お墓の引越し「改葬」が増えている理由とは
近年、お墓の「改葬」をする人が増えています。改葬とは何なのか、なぜ今、改葬する人が増えているのか、その理由などについてご紹介します。
改葬とは
改葬とはお墓の引っ越しのことです。改葬するには現在遺骨を埋葬している市町村に「改葬許可申請書」を提出し、許可を得る必要があります。改葬先(新しいお墓)から受入許可書または墓地使用許可書をしてもらい、既存墓地の管理者から埋蔵証明書を発行してもらいます。

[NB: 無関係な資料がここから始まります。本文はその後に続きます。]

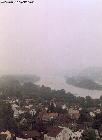 Eine Nimbostratus- oder Stratuswolke hängt über dem Rheintal. Die Sicht wird sehr schlecht. Vielleicht handelt es sich hierbei um eine Warmfront, die durch das Tal zieht. Eine Prognose ist fast unmöglich, da wir das Wetter den Tag über beobachten müssten, um eine Vorhersage zu machen was uns noch erwartet.
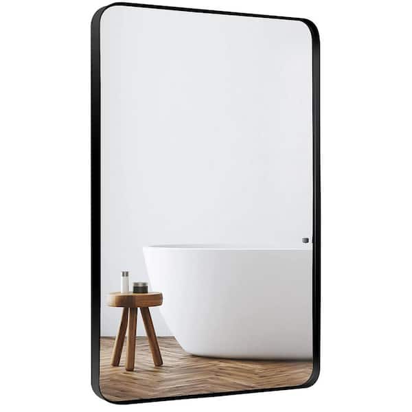 22 in. W x 30 in. H Rectangular Framed Wall Bathroom Vanity Mirror in Black Rounded Corner Vertical/Horizontal Mirror
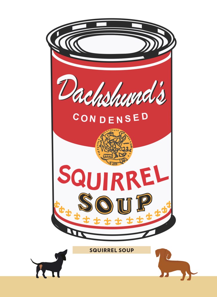They lead their gang of hounds – including schnauzers, jack russells, greyhounds, border terriers, Labradors and more on an eventful trip through the gallery, taking in modern masterpieces and much loved Old Masters. On their way they encounter Whistler’s Mother, Picasso’s The Dream, Matisse’s The Fall of Icarus and a Dachshund Pollack – all culminating in a doggy version of Campbell’s Soup, Warhol’s Squirrel Soup for dogs! Joy has cleverly used the Squirrel soup with all its colour combinations as the books end papers. They look wonderful and would make a brilliant wrapping paper. Well we can but ask.
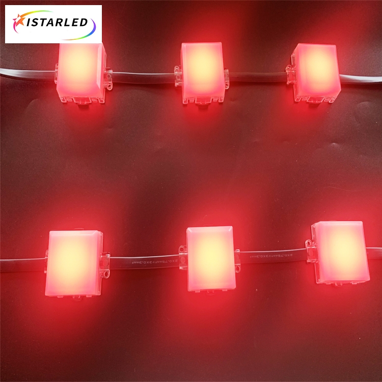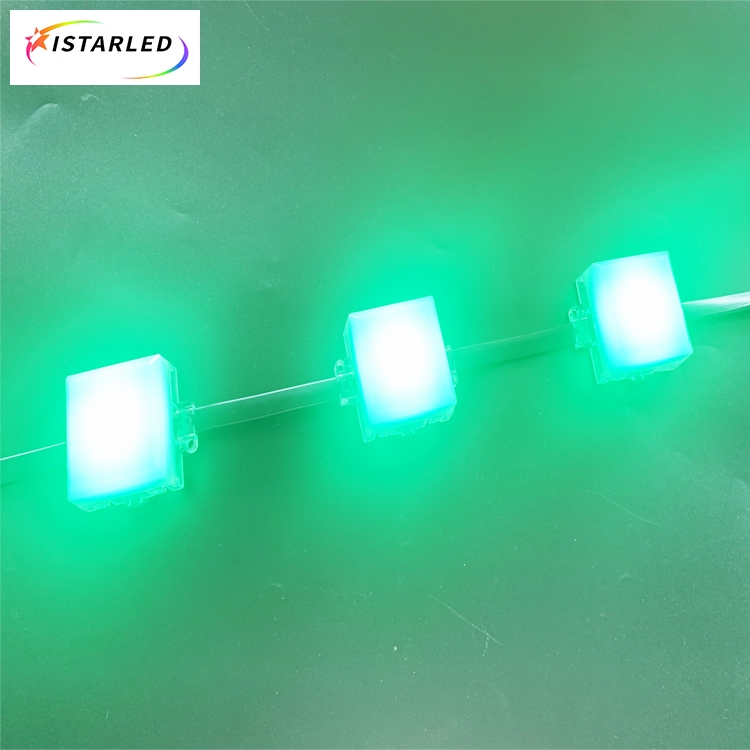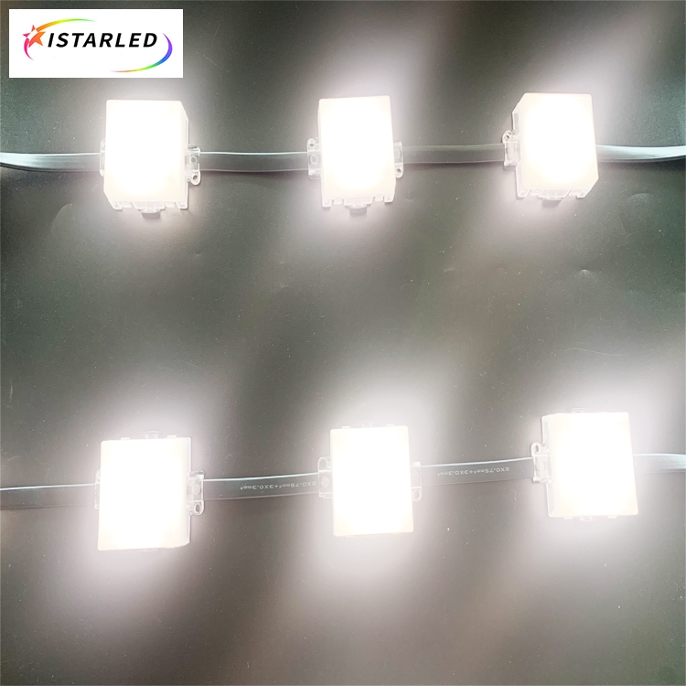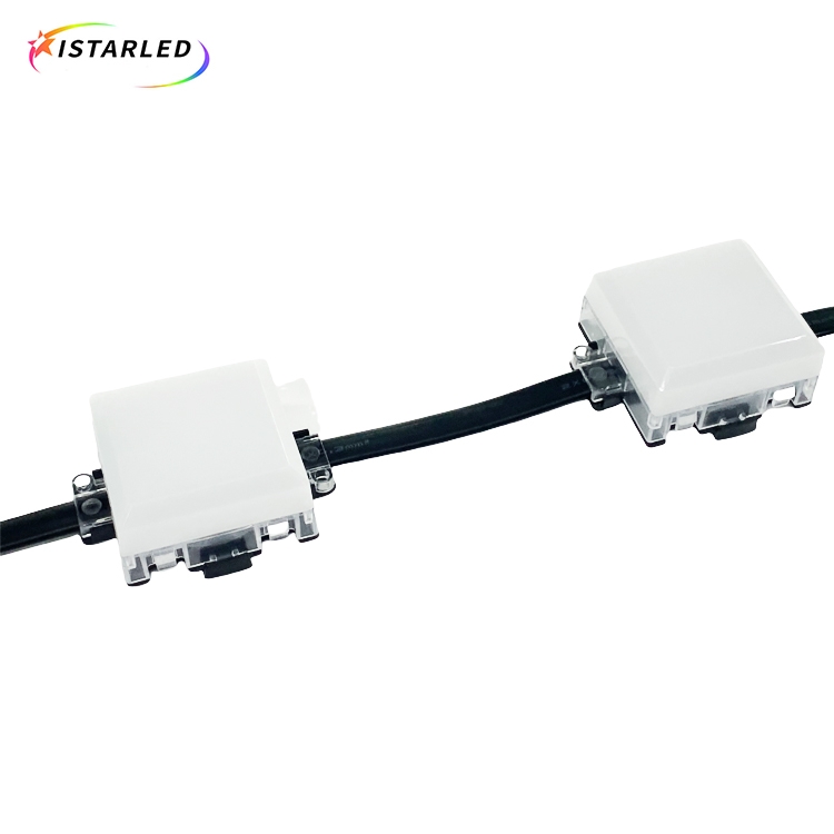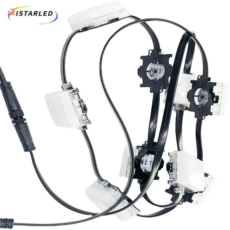 2.DMX rgbw pixel led module normal is with pitch distance 15cm, 20pcs/string, use flat waterproof cables. Each string with M12 flat waterproof connectors . Pixel led modules have glue on the backside and protect Milky cover on the surface, so waterproof outdoor use.

その上で、「改葬許可申請書」とともに、現在お墓のある市町村に提出します。すると「改葬許可証」が発行され、行政上の手続きが完了します。
申請書の書式は各自治体によって異なりますが、多くの自治体でホームページがら申請書とその記入例をダウンロードできるので、事前に準備が可能です。
改葬の需要が高まっている背景
改葬の需要はなぜ高くなっているのでしょうか。
一つには核家族や、転居によって故郷のお墓が遠くなり、お墓参りができない状況が増えたことが関係しているでしょう。また子供のいない方やご高齢の方には維持管理が難しいなどの理由があります。将来的にお墓を承継する親族がいなくなってしまうと無縁墓になってしまいます。無理のない範囲で供養をするために近くのお墓に改葬する方が増えていると考えられます。ライフスタイルが変化している現代、生きている者たちの事情とはだんだんと合わなくなってくるのも致し方ない部分があります。
改葬の主な理由
具体的な改葬の理由には、次のようなものがあります。
お墓の利便性が悪い
就職、結婚などで引っ越しをして住居からお墓までが遠くなってしまい、お墓参りに行きづらくなっているケースです。転勤で引っ越す場合もあれば、子供が一人暮らしや結婚で出ていって、だんだんとお墓から距離が遠ざかってしまったというケースもあるでしょう。
お墓を1つにまとめたい
複数あるお墓を1つにまとめたいと考える人もいます。複数のお墓をまとめることができれば、管理も楽になり経済的負担も減らすことができます。いろいろな事情でお墓がバラバラにあるという人にとっては、切実な問題でもあります。
家族に負担をかけたくない
今後、家族にお墓の管理を任せると負担が大きくなるというケースです。昔とは経済的な事情が変わったという家もあれば、単純に子供の数が減ったので1人あたりの負担が大きくなったという場合もあるでしょう。
承継者がいない
承継者がいない場合には、お墓の継続そのものが難しくなります。遺骨を永代供養墓や納骨堂に移すことも考えるべきでしょう。では、実際にお墓の相続人(承継者)がいなかった場合には、どのような対策が可能なのでしょうか。
墓じまいをする
お墓の跡継ぎがいない場合に、永代使用していたお墓を撤去し、更地に戻して墓地の管理者(寺院、霊園)に返却します。これを「墓じまい」と言い、お墓から取り出したご遺骨は管理者に永代供養を依頼したり別のお墓に納骨するなどの方法でご供養していただくことが一般的です。
永代供養墓に移す
永代供養墓とは、継承者に代わって墓地の管理者が責任を持って故人のご遺骨を永代あるいは一定期間供養をしてくれるお墓のことです。外観・方式によっていくつかの形式があり樹木葬タイプ、納骨堂タイプ、一般墓タイプなどがあります。
■樹木葬タイプ
樹木をシンボルとした永代供養墓です。
■一般墓タイプ
従来の個別のお墓と永代供養がセットになった「永代供養がついたお墓」です。
宗旨・宗派を改宗した
改宗したのでお墓をこれまでと同じ場所においておけないという事情がある人もいます。
埋葬されている遺骨を分骨したい
分骨は遺骨を分けて別々の場所で管理・供養することです。お墓は今の場所に置いておくけれど、今の住居に近い場所に新しいお墓を建てて供養したいという場合に、分骨という手段を用いることがあります。
少々手間とお金がかかるとしても、改葬を行うことで負担が減り、お墓と身近に付き合えるようになることもあります。今、何かしら不便を感じているのなら、改葬を実行した方がいいのかどうか一度じっくりと考えてみるのもいいのではないでしょうか。